The Common Misconception

“Incremental sort means PostgreSQL can partially sort data.”

No. Incremental sort produces a fully correct, totally sorted output. It is not a “best effort” sort. The rows come out in exactly the same order as a full sort. The difference is entirely internal: how the sort is partitioned into smaller operations.

Think of it as sorting a deck of cards that is already sorted by suit. You do not reshuffle the whole deck. You sort the clubs among themselves, then the diamonds, then the hearts, then the spades.

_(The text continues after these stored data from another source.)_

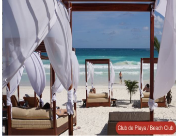
Club de Playa / Beach Club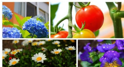
癒しのともにガーデンとトマト畑♪

・ともに人を喜んでもらえる場所にしようと、綺麗な花や、木の置物、繊細な切り絵などを、ともに市民スタッフや地域の方々飾ってくれています。ともにガーデンが初めての「花のまちコンクール」にて優秀賞をいただきました。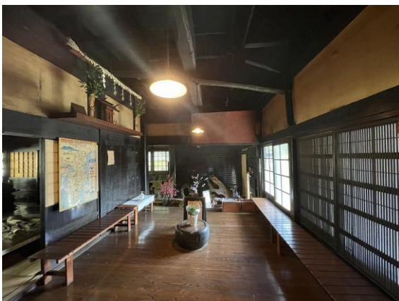
古民家 1 板間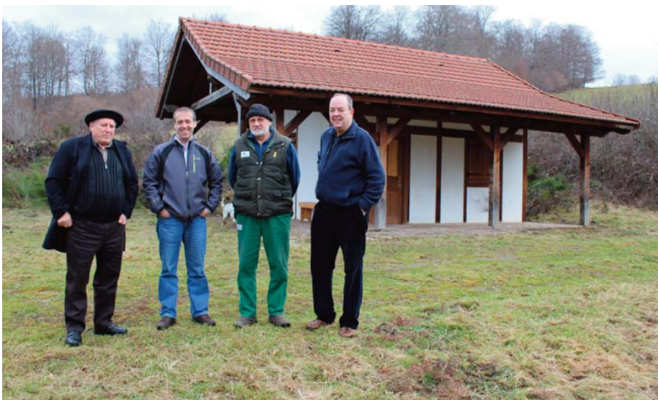
Zazpi zinegotzietako lau, Abentura Parkeko etxetxoaren ondoan.

Proiektu honek gerrari buruz sentsibilizatzea eta kontzientziatzea du helburu, bai Gerra Zibilari buruz bai eta II Mundu Gerrari buruz ere. Mugakidea den eskualde bat denez, gatazka armatuen zama beti izan da beste tokietan baino garrantzitsuagoa. Zentzu honetan, 'P Linea' Oroimen Historikoaren Legearen baitan toki sinboliko mo-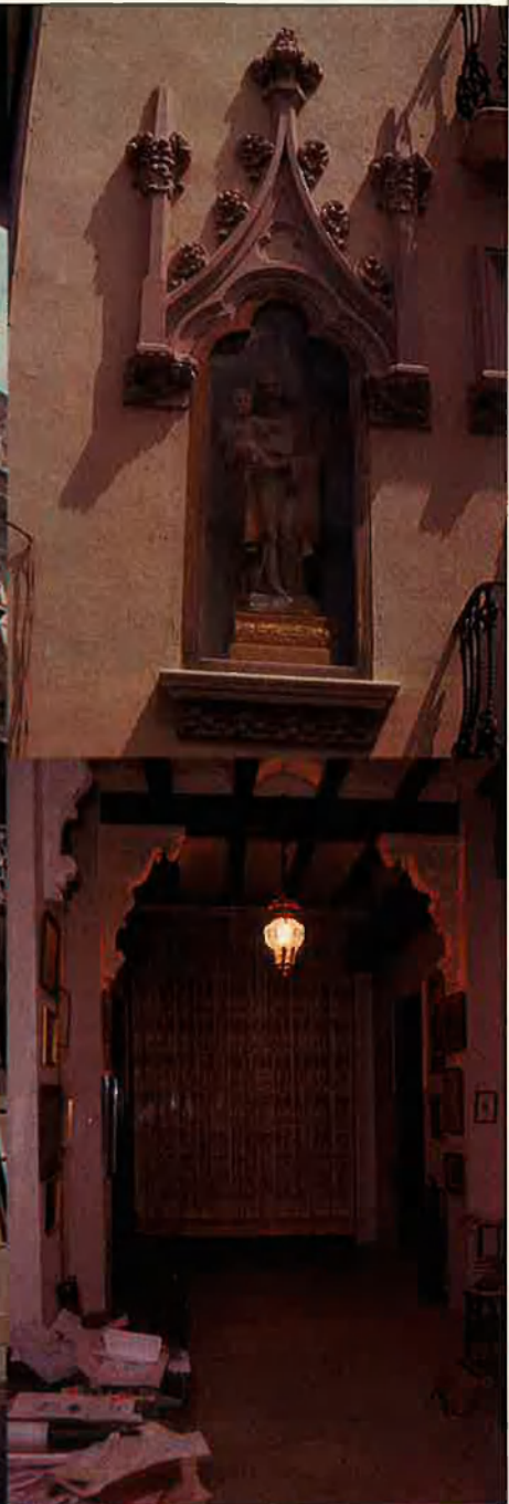
A l'esquerra, Sant Josep, 10. Dalt, el sant embotit i baix el corredor amb la cortina hissada i una llum de caramel.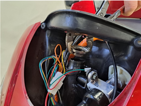
Ota ylemmän ohjauslaakerin kooli pois.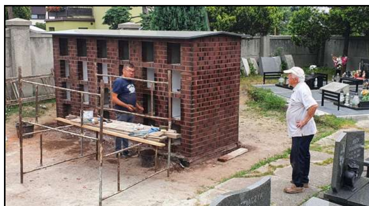
Pokrycie kolumbarium granitowym zadaszaniem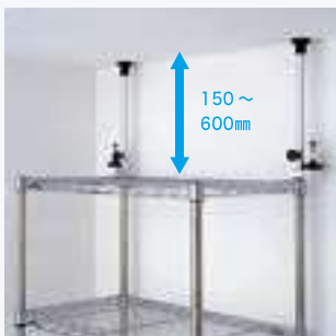
シェルフの後側両端にセーフティポストを取り付けます。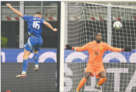
Los italianos no pudieron lograr un buen resultado jugando como local

derrota y mantuviera el liderato. Kean fue el que más cerca estuvo, pero Maignan sacó una mano providencial. Pero el premio a héroe de la noche estaba reservado para otro. Rabiot brilló. Y Francia se quedó el liderato.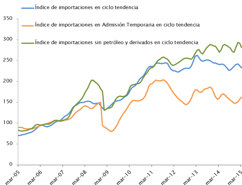
Gráfico 2.1 – Evolución de las importaciones en dólares en ciclo tendencia (Índices base 2006=100, ciclo tendencia)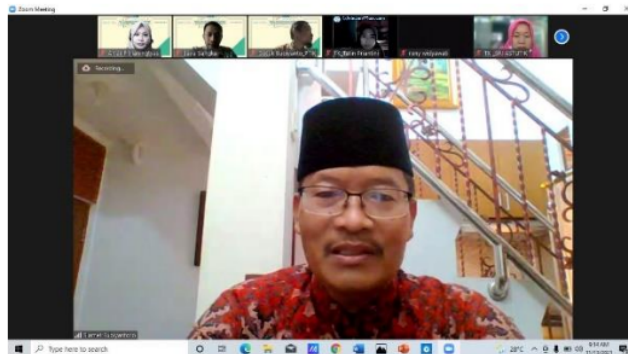
Gambar 3. Hasil Penelitian Tindakan

Hasil penelitian disebarluaskan saat kegiatan pendampingan selesai. Konferensi video digunakan untuk melakukan tugas ini. Instruktur kemudian menunjuk 1 pekerjaan yang telah disajikan oleh masing-masing guru. Rangkuman upaya kami dapat dilihat pada Gambar 3.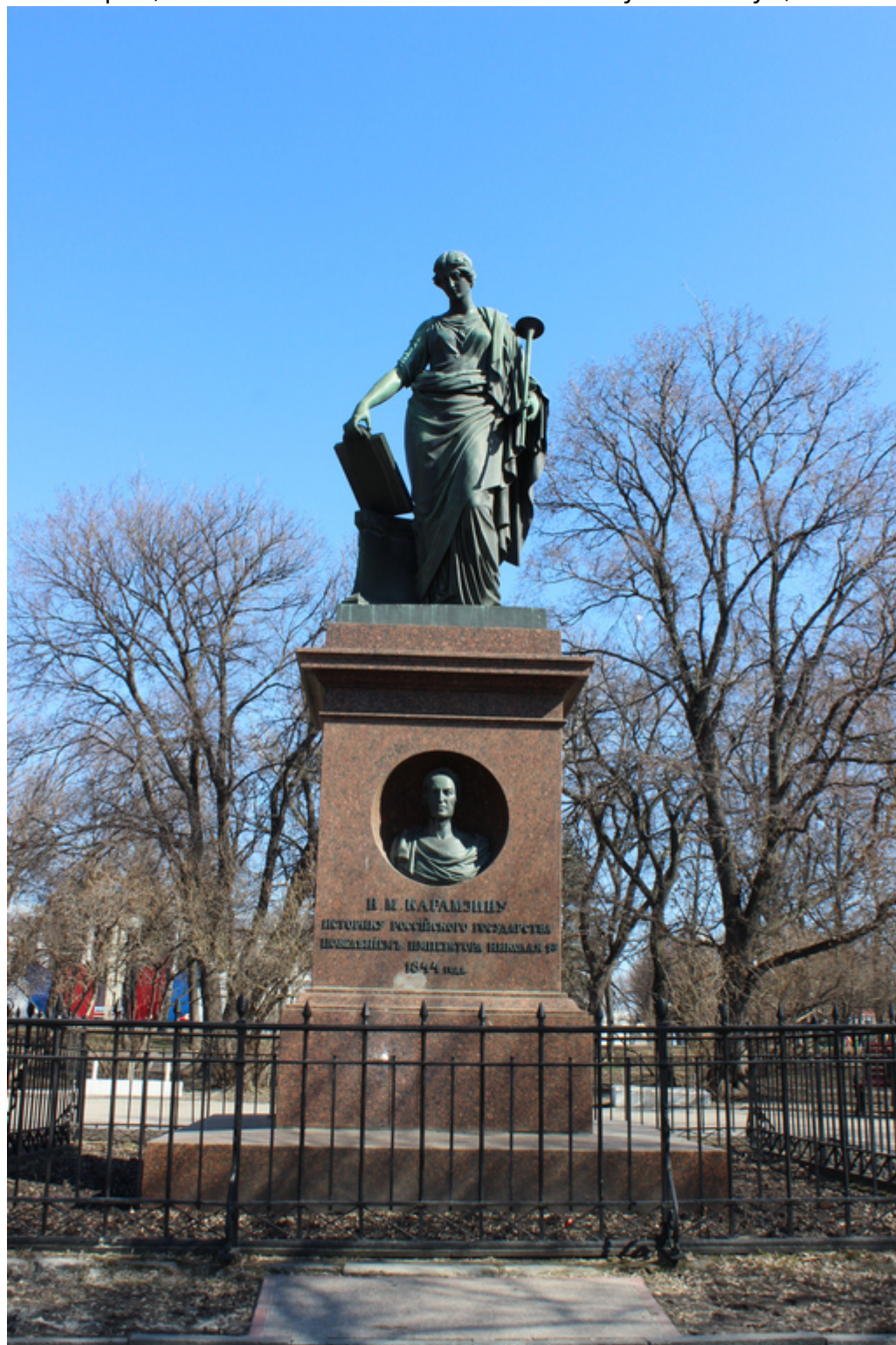
Памятник Н. М. Карамзину в Ульяновске

Одним словом, друзья мои, путешествие питательно для духа и сердца нашего. Путешествуй, ипохондрик, чтобы исцелиться от своей ипохондрии! Путешествуй, мизантроп, чтобы полюбить человечество! Путешествуй, кто только может!».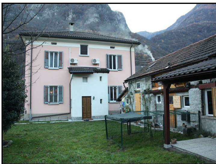
Casetta e facciata est / Nebengebäude mit Ostfassade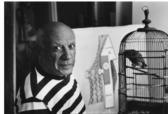
René Burri, Pablo Picasso, 1957 (2003/2004) Silbergelatineabzug / Gelatin silver print Sammlung Würth, Inv. 18962

and are complexly planned. Yet they are still authentic. For it is the oscillation between intimacy and calculated distance that creates the sophistication that lends these images on display their special magic.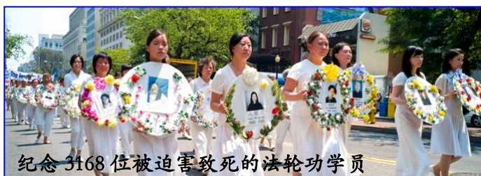
纪念 3168 位被迫害致死的法轮功学员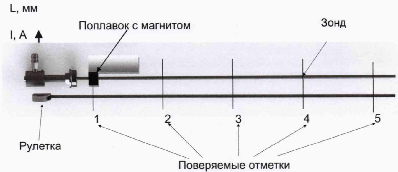
Рисунок 3 – Проверка преобразователя уровня с помощью рулетки и магнитного поплавка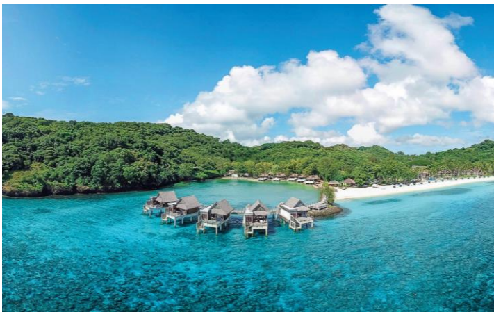
パラオ パシフィック リゾート全景

海洋生物豊富な西太平洋と、パラオの固有種や絶滅危惧種等の鳥類が多く生息する森林に囲まれた、豊かな自然を同時に体験することができる希少性の高いロケーションを生かし、パラオ政府が自然環境の保護と観光業の発展を両立させるために掲げる、ハイエンド向けのエコツーリズム・デスティネーションへの変革という目標に向け、今後も更なる取り組みを強化していきます。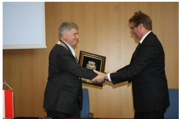
Podpisanie umowy partnerskiej Krosno – Fjell, w Krośnie 24 sierpnia 2013 r.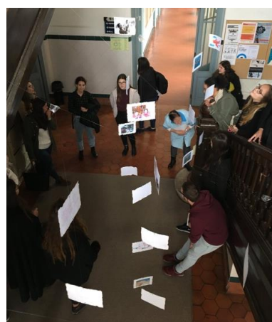
Figura 3 Conversa com o público

O segundo projeto intitulado “Who are you when no one is watching you?”, foi desenvolvido por uma estudante de Erasmus proveniente da Eslovénia que iniciou o semestre em regime presencial na unidade curricular de Artes Plásticas II, no ano letivo de 2019-2020, mas que devido à situação pandémica acabou por concluir e apresentar o projeto no sistema de ensino à distância.

Same result, less work.

When to Create Indexes for Incremental Sort

The planner will not use incremental sort if no part of the sort order is presorted. Adding an index on the leading sort key columns is what enables it.

Before reaching for a multi-column index, check whether a single-column index on the first sort key gives you incremental sort for free. A full multi-column index on (country, order_date) would eliminate the sort entirely, but a single-column index on (country) gives you incremental sort at lower index maintenance cost.

The tradeoff depends on your write patterns. If you write frequently and the incremental sort is fast enough, the lighter index is the better choice. If the query runs often and latency matters, the full covering index wins.

The Practical Takeaway

Incremental sort, introduced in PostgreSQL 13, lets the planner exploit partial ordering in the data. When a child node provides a prefix of the required sort order, incremental sort handles the remaining keys within each group rather than sorting the entire result set from scratch.

The practical impact:

  • Smaller sort batches. Each group sorts independently, reducing memory pressure and disk spills.
  • Faster LIMIT queries. The planner can return rows before processing the full input.
  • Better multi-column ORDER BY with single-column indexes. You no longer need a full composite index to avoid sorting the entire table.
  • Automatic activation. No query changes needed. The planner picks it up when the conditions are right.

The GUC enable_incremental_sort lets you disable it for testing. The EXPLAIN output shows Presorted Key to confirm which prefix the planner detected. And EXPLAIN ANALYZE breaks down full-sort vs pre-sorted group counts so you can see exactly how the work was distributed.

Before PostgreSQL 13, presorted data was a hint the planner could not fully use. Now it is a first-class optimization path.